Medically Verified: 2/1/24

Medical Reviewer

Chief Editor

All of the information on this page has been reviewed and verified by a certified addiction professional.

Xanax is the brand name for alprazolam, a benzodiazepine drug that is available via prescription only. Alprazolam is used to treat anxiety, insomnia, stress disorders, and panic disorders. It is the most widely prescribed and abused benzodiazepine in the United States.[1]

Like other benzodiazepines, Xanax slows down the central nervous system (CNS), producing a calming, sedating effect on the body. Snorting Xanax is a popular method of abuse by teens and young adults because they believe insufflation (snorting) will produce stronger effects with a rapid onset.

Snorting Xanax is extremely dangerous as it can increase the risk of addiction, overdose, nasal cavity damage, and other unwanted side effects. If you or someone you love is addicted to Xanax, please contact Carolina Center for Recovery today to learn about our substance abuse treatment options.

Why Do People Snort Xanax?

Most of the time, when people start abusing prescription drugs they do so by taking a higher dose than prescribed or taking a dose more frequently than directed.
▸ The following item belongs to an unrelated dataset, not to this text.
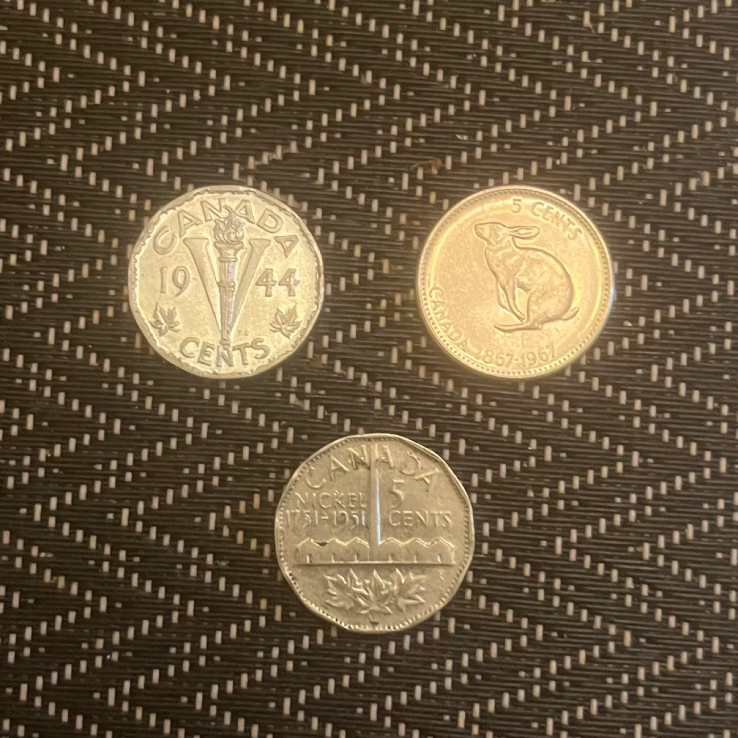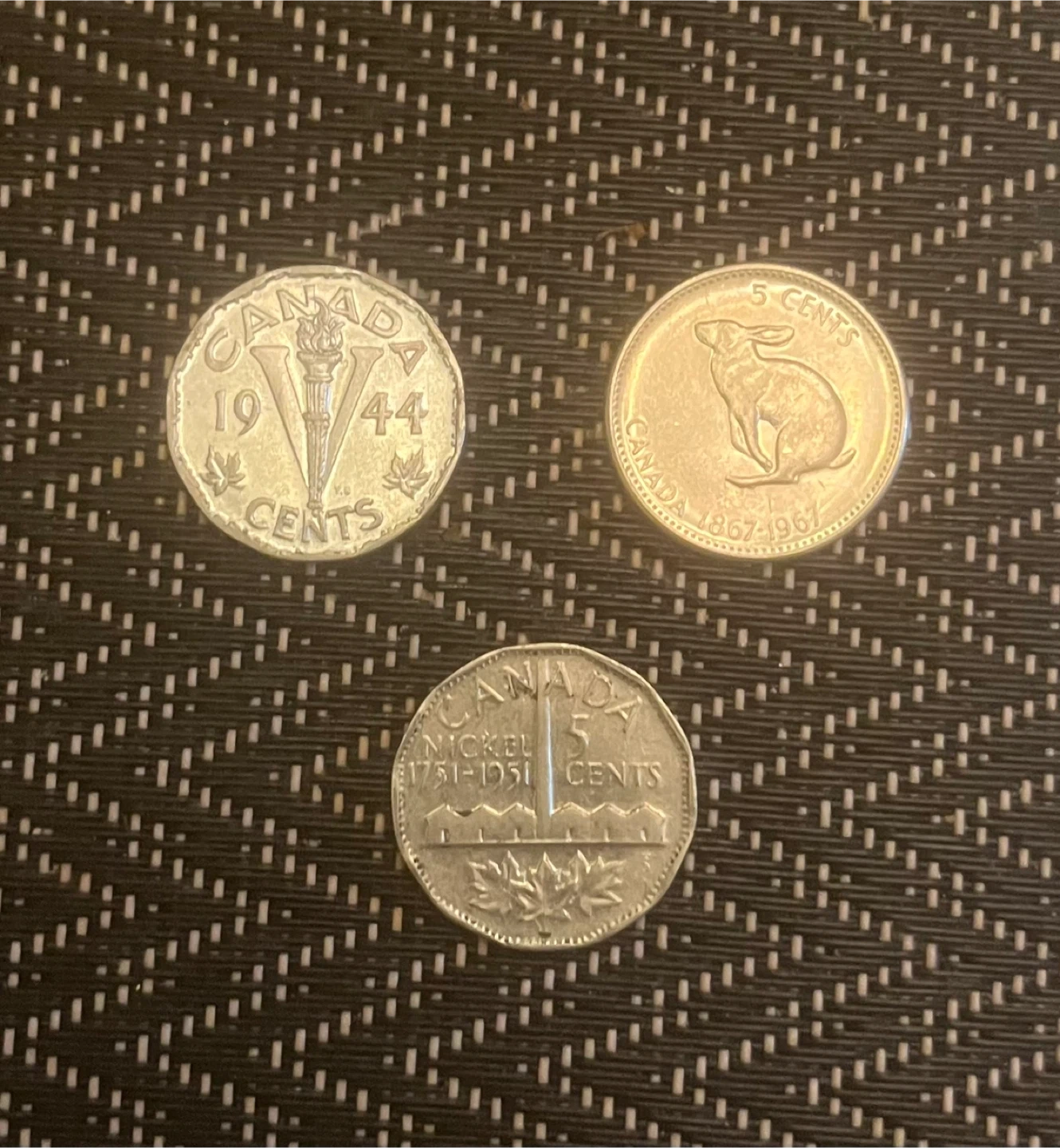 Four dollars each WW-2 coins and 100 years Selling a few vintage Canadian coins. They include a 1944 5-cent coin, a 1867-1967 5-cent coin with a rabbit, and other coins with portraits of King George and Queen Elizabeth

Increasing your dose of a drug like Xanax will build your tolerance to the substance, meaning you’ll have to continue increasing your dose to feel the desired effects.

One way people attempt to overcome a growing tolerance is to change the method of drug administration. Instead of swallowing a pill, people may crush and sniff or snort the powder from the pill. The idea behind snorting is that the mucous membranes in the nose are very thin, so the drug can reach the bloodstream faster, and the user can feel the effects quicker and stronger than they would if they had simply swallowed it.
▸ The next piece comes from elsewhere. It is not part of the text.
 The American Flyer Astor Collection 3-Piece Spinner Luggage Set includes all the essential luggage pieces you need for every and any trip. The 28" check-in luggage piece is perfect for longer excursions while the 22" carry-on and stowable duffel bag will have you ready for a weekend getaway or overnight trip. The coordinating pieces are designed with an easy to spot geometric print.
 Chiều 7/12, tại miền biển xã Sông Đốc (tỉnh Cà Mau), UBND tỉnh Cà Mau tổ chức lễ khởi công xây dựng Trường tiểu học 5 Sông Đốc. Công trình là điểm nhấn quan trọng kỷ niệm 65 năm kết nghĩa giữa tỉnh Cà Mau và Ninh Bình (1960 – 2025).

Although people believe snorting Xanax will produce a faster and stronger high, studies have shown that the difference in onset of effects and peak effects is insignificant when comparing insufflation vs. swallowing. This is because Xanax is fat-soluble and doesn’t dissolve well in water, so the nasal membrane has a difficult time absorbing it.[2] There are more risks associated with Xanax insufflation than there are benefits.

The Effects of Snorting Xanax

Snorting Xanax produces nearly the same short-term effects as it does when taken orally. People tend to feel the effects within 15-20 minutes after insufflation and the effects can last for a couple of hours depending on the dose they took and their tolerance level.

Common include:[1]

  • Relaxation
  • Drowsiness
  • Disorientation
  • Poor concentration
  • Delayed reaction time
  • Headaches
  • Impaired memory
  • Nausea
  • Constipation
  • Sleepiness
  • Forgetfulness
  • Slurred speech
  • Glossy eyes

Because insufflation can deliver higher concentrations of Xanax to the bloodstream quickly, people who snort the drug may also be at an increased risk of agitation, extreme confusion, tachycardia, and respiratory depression.

Risks and Dangers of Xanax Insufflation

Snorting Xanax can be more dangerous than taking it orally because it can damage the airway, lead to infection, increase the risk of addiction, or result in an overdose. Unfortunately, the pleasurable effects Xanax abuse produces may lead people to continue abusing the drug until they are severely addicted.

Damage to the Nose and Upper Respiratory Tract

Xanax pills contain more than just alprazolam–they also contain corn starch and other fillers that can irritate the inside of the nose if it is inhaled. This irritation can eventually lead to nasal cavity infection, lung infection, or respiratory blockage.

Other ways Xanax sufflation can harm your nose and upper respiratory system include:

  • Nosebleeds
  • Smell loss
  • Thinning nasal tissue
  • Holes in the nasal cavity
  • Whistling noise coming from the nose
  • Throat irritation
  • Lung damage

Xanax Addiction

When people snort Xanax, they often inhale multiple pills or do so very frequently. This increases the risk of dependence and addiction.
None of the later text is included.